Saved data entries
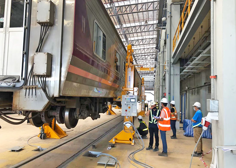 อุปกรณ์ยกรถไฟแบบซิงค์โครไนซ์ ใช้สำหรับการยกตัวรถไฟขึ้นและลง อุปกรณ์ยกรถไฟแบบซิงโครไนซ์สามารถทำการยกรถไฟได้พร้อมกันตั้งแต่การยกรถไฟ 1 คัน ไปจนถึงการยกรถไฟ 6 คันในการยกเพียงครั้งเดียว โดยใช้ผู้ปฏิบัติงานเพียงแค่ 2 คน ทั้งนี้ขึ้นอยู่กับการปรับเปลี่ยนเพื่อให้สอดคล้องกับความต้องการของลูกค้า โดยวัตถุประสงค์หลักของอุปกรณ์คือเพื่อใช้ในการซ่อมบำรุงอุปกรณ์ด้านล่างรถไฟ และเพื่อทำการเปลี่ยนแคร่ และชุดล้อของรถไฟ
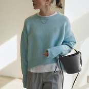 オーバーサイズでも、程よい着丈でバランスがとりやすく、どんなボトムスとも合う万能のニット。飽きのこない、シンプルなデザインはワードローブに大活躍。
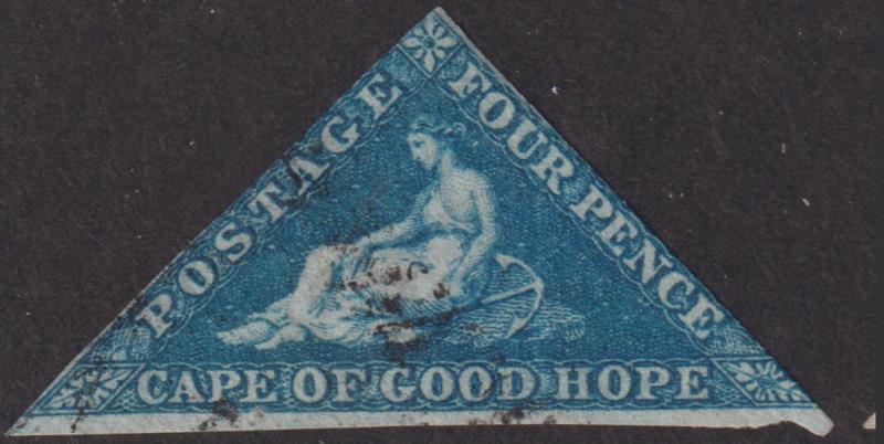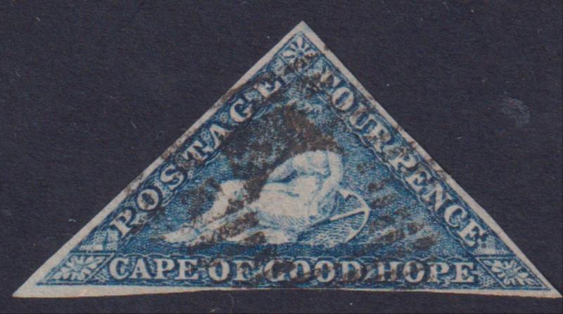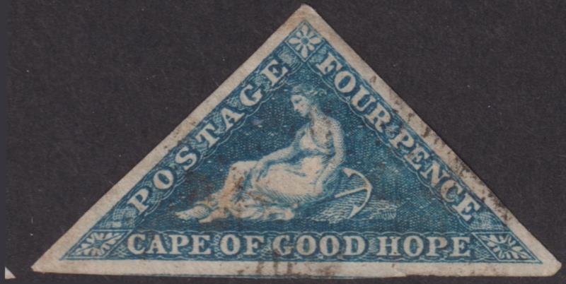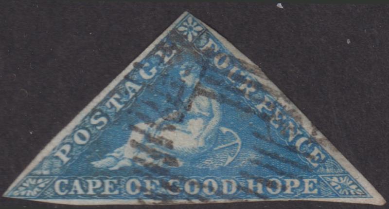2889 U imageCape of Good Hope 1853 4d triangular deep blue, on slightly blued paper, imperf 3 margins (good to large). SG 4. Cat £180. FU. (Image)
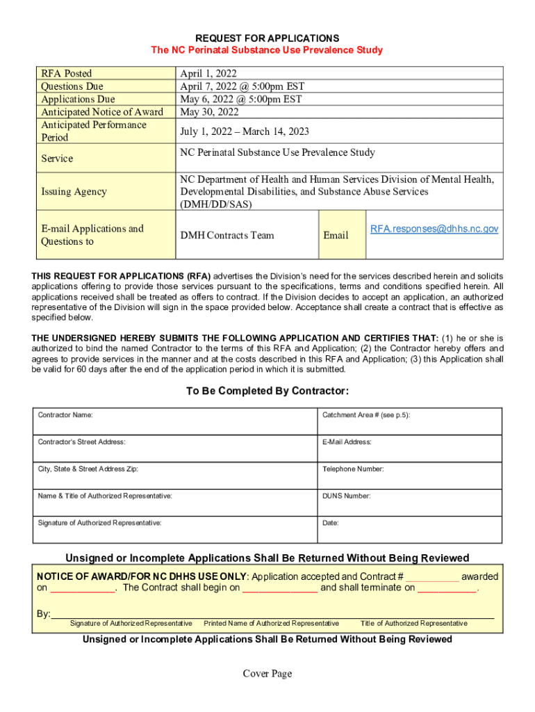 REQUEST FOR APPLICATIONS The NC Perinatal Substance Use Prevalence Study RFA Posted Questions Due Applications Due Anticipated Notice of Award Anticipated Performance Period April 1, 2022, April 7,
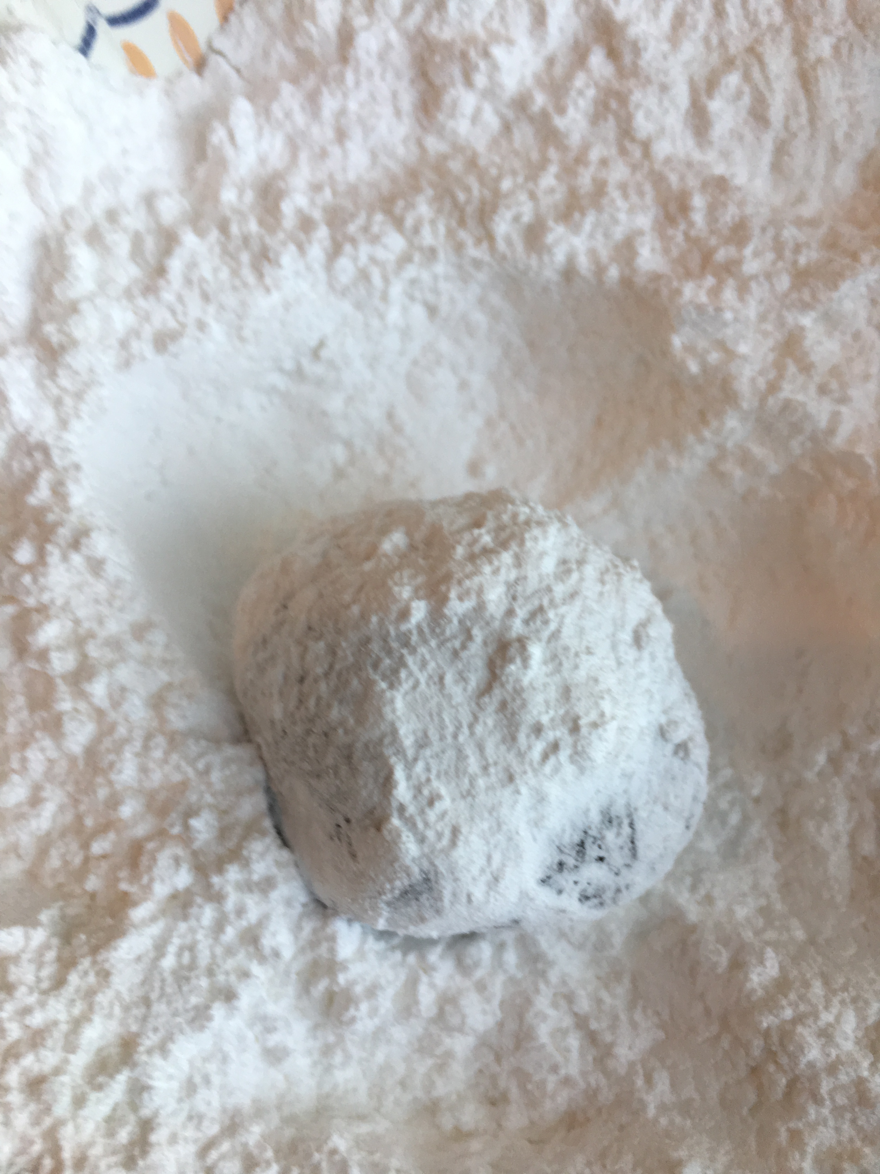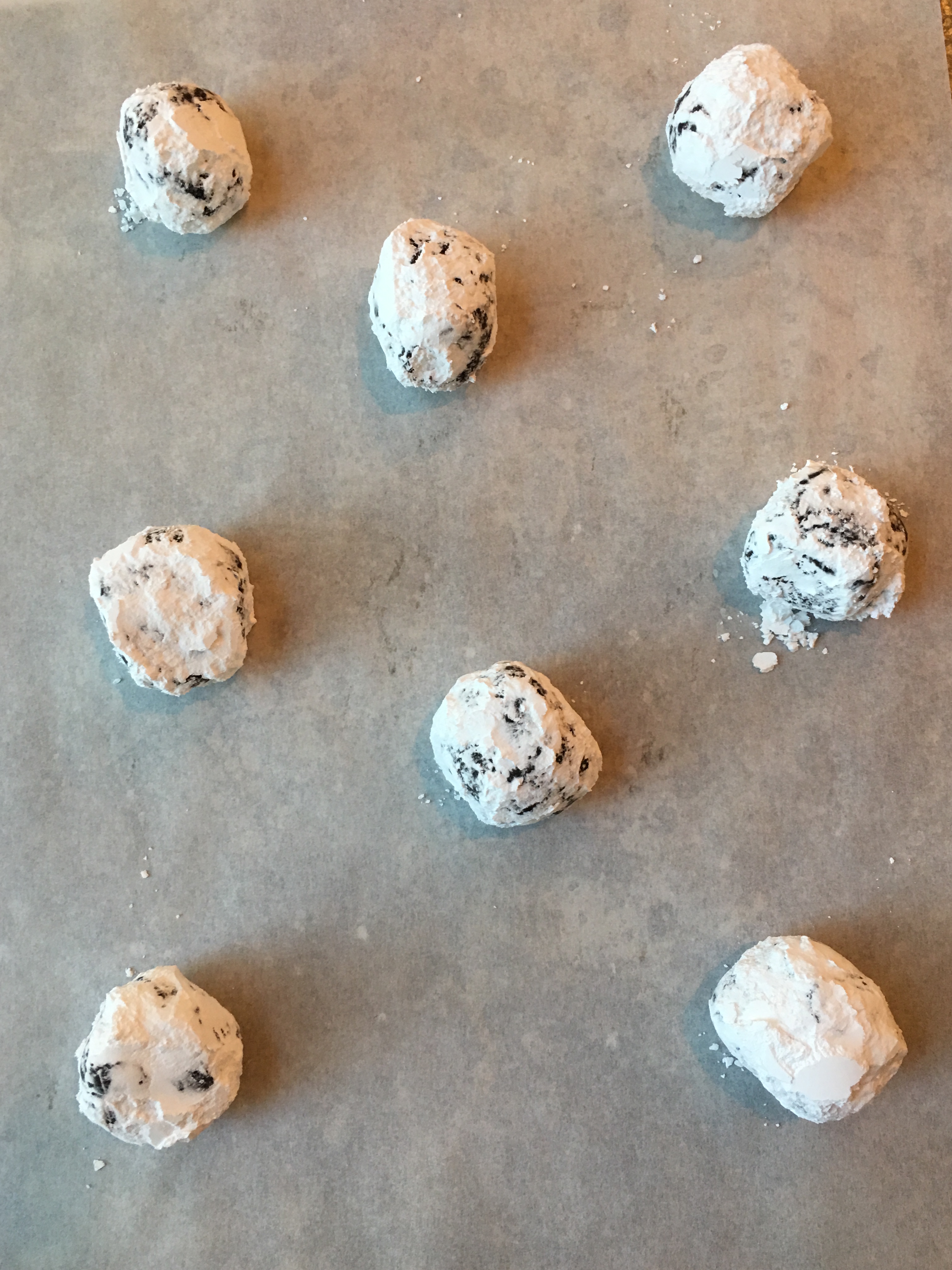Chill dough for three hours. Preheat oven to 375 degrees. Scoop out 24+ 1 ½ “ balls of dough, and roll into a ball with hands. Prior to baking, roll the ball of dough into powdered sugar.

- Exercise instructions -
An exact restatement is expected of the lines from the line containing "2889 U imageCape" to the end of the data above, pictures excluded.

- Completed task -
2889 U imageCape of Good Hope 1853 4d triangular deep blue, on slightly blued paper, imperf 3 margins (good to large). SG 4. Cat £180. FU. (Image)
 REQUEST FOR APPLICATIONS The NC Perinatal Substance Use Prevalence Study RFA Posted Questions Due Applications Due Anticipated Notice of Award Anticipated Performance Period April 1, 2022, April 7,
Chill dough for three hours. Preheat oven to 375 degrees. Scoop out 24+ 1 ½ “ balls of dough, and roll into a ball with hands. Prior to baking, roll the ball of dough into powdered sugar.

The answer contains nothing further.